If $n$ is a power of 2 those integers doesn't exist. Let $n=2^m$ with $m>0$ the smallest power of 2 for which there exists $a,b,c$ such that $\left (2^m\right )^2=4^m=a^2+b^2+c^2$. Since $4^m$ is divisible by 4, $a^2+b^2+c^2$ has to be divisible by 4 too. This is only possible if $a^2\equiv b^2\equiv c^2\equiv 0\pmod 4$, so we can write $a=2a',b=2b',c=2c'$ with $a',b',c'\in \mathbb{N}$. But then we get $\left (2^{m-1}\right )^2=4^{m-1}=a'^2+b'^2+c'^2$, so $m=1$, otherwise $2^m$ wouldn't be the smallest power of two with this property. It is easy to check that $n=2$ doesn't work, so for $n=2^m$ the statement doesn't hold.
I suspect (but can't prove) that for all other values the statement holds. It would be enough to prove that for all odd primes $p$ there exists $a,b,c$ such that $p^2=a^2+b^2+c^2$, since for all other values of $n$ there exist some $p,m$ such that $n=pm$. Then we get $n^2=(pm)^2=(ma)^2+(mb)^2+(mc)^2$.
You are correct: If $p > 2$ is prime, then $p^2$ can always be written as the sum of three squares at least two of which are non-zero.
Let $s(n)$ denote the number of ways of writing $n = a^2 + b^2 + c^2$, where $a$, $b$, and $c$ are integers (positive or negative) and not accounting for symmetries. One has $s(1) = 6$.

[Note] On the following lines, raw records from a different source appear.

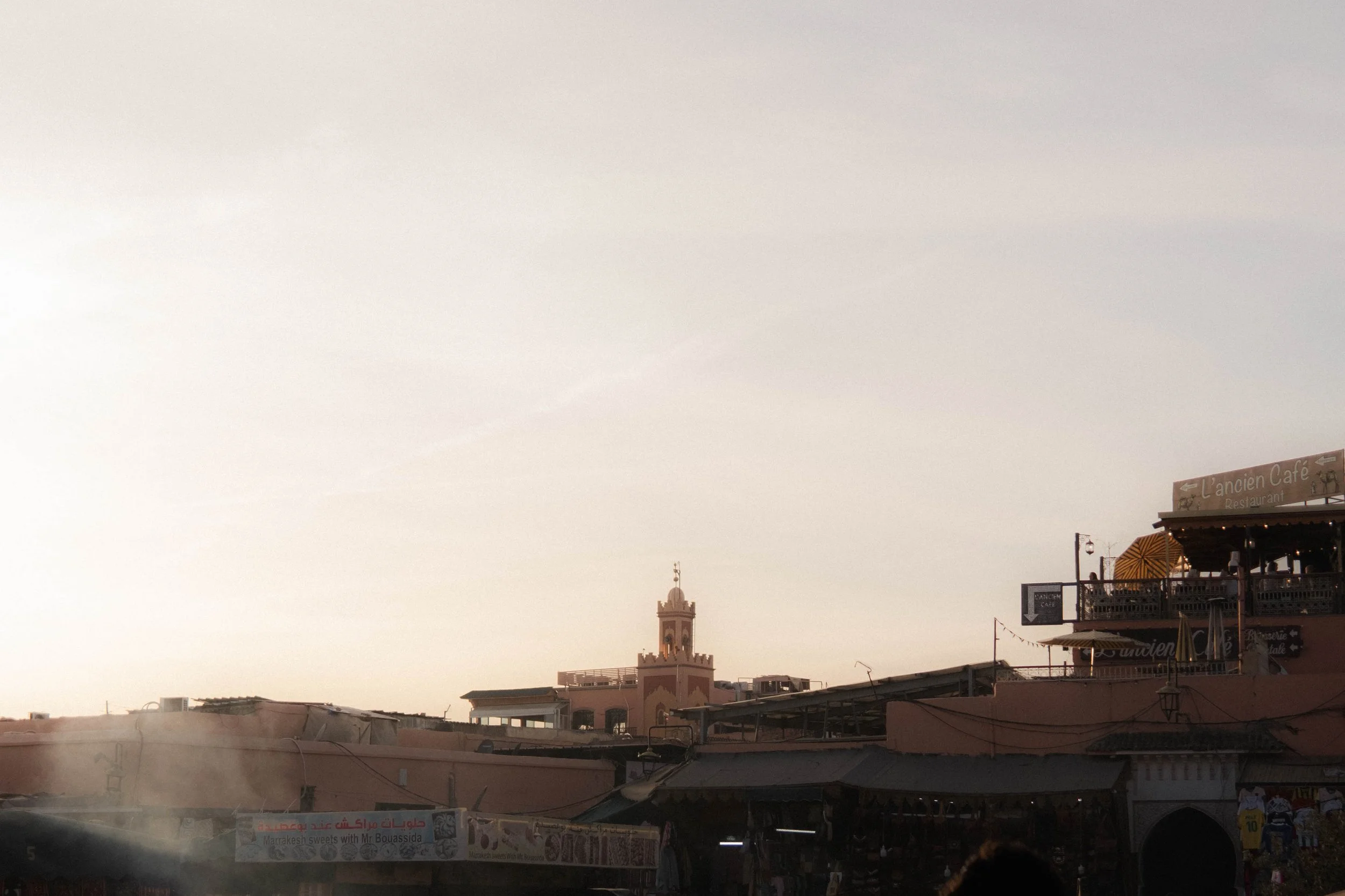 Desde sus terrazas se pueden obtener vistas panorámicas espectaculares de la plaza, especialmente al atardecer. Sin embargo, hay que tener precaución con los espectáculos con animales, como monos encadenados o serpientes, ya que en muchas ocasiones los dueños exigen dinero por tomar fotografías.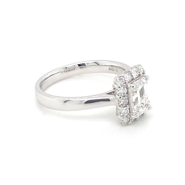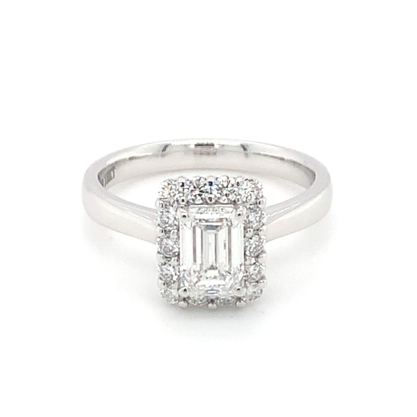 Elegant and timeless, this 18ct white gold engagement ring showcases a dazzling 1.20 carat lab-grown emerald cut diamond, exuding brilliance and sophistication. Surrounding it, a halo of 20 points of brilliant cut diamonds adds sparkle and allure, symbolizing eternal love and commitment in every facet.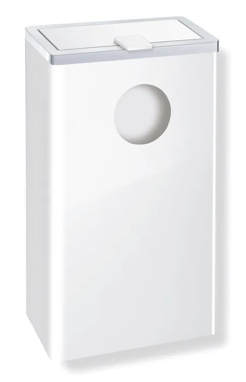 Mehr anzeigen kubischer Grundkörper mit eingerücktem Wandsockel, mit integrierter Aufnahme für Hygienebeutelbox, Fassungsvermögen ca. 6 l, mit integrierter Aufnahme für handelsübliche Hygienebeutel aus Kunststoff (max. Packungsgröße L 130 x B 90 x H 20 mm), Deckel mit Hebelasche, 160 mm breit, 300 mm hoch und 140 mm tief, Behälter und Deckel aus hochwertigem Edelstahl, weiß beschichtet, Einwurföffnung aus hochwertigem Kunststoff, verchromt, inklusive korrosionsfreiem Befestigungsmaterial.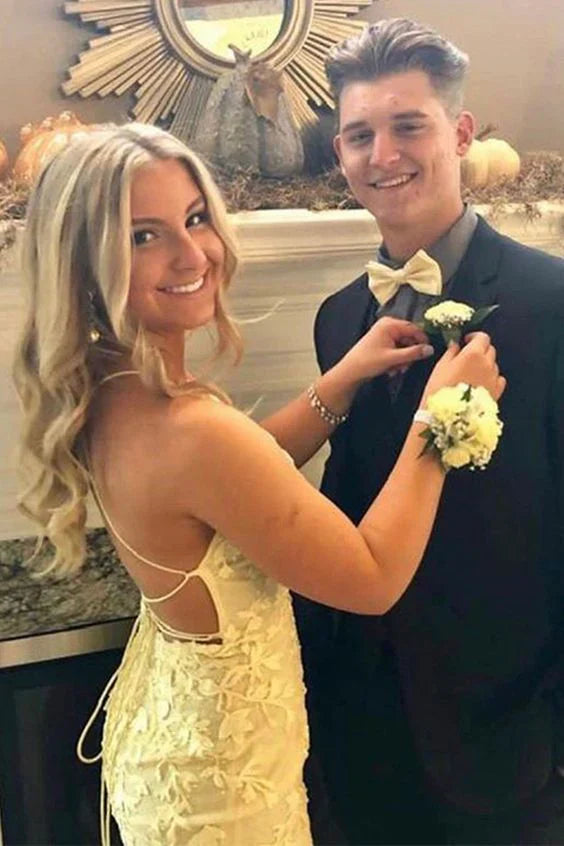 Vintage Yellow Floral Applique Spaghetti Strap Short Sheath Party Dress Cocktail Dress Homecoming Dress HZ1024

If $p > 2$ is prime, then $p^2$ can be written as a sum of three squares (including degenerate examples) in
$$6\left(p + 1 - \left( \frac{-1}{p} \right)\right)$$
ways. (For a reference, see https://mathoverflow.net/questions/3596/is-there-a-simple-way-to-compute-the-number-of-ways-to-write-a-positive-integer). For example, if $p = 3$, then $(-1/3) = -1$ so we get $30$ ways, and indeed
$$3^2 = (\pm 3)^2 + 0^2 + 0^2 = 0^2 + (\pm 3)^2 + 0^2 = 0^2 + 0^2 + (\pm 3)^2,$$
giving $3 \times 2 = 6$ ways, and
$$3^2 = (\pm 2)^2 + (\pm 2)^2 + (\pm 1)^2 = (\pm 2)^2 + (\pm 1)^2 + (\pm 2)^2 = (\pm 1)^2 + (\pm 2)^2 + (\pm 2)^2$$
giving $3 \times 8 = 24$ ways. The examples you wish to rule out at the ones where either $a$, $b$, or $c$ is $\pm p$, and this gives $6$ solutions. Hence you simply need to observe that $p + 1 - (-1/p) > 1$, which is always true.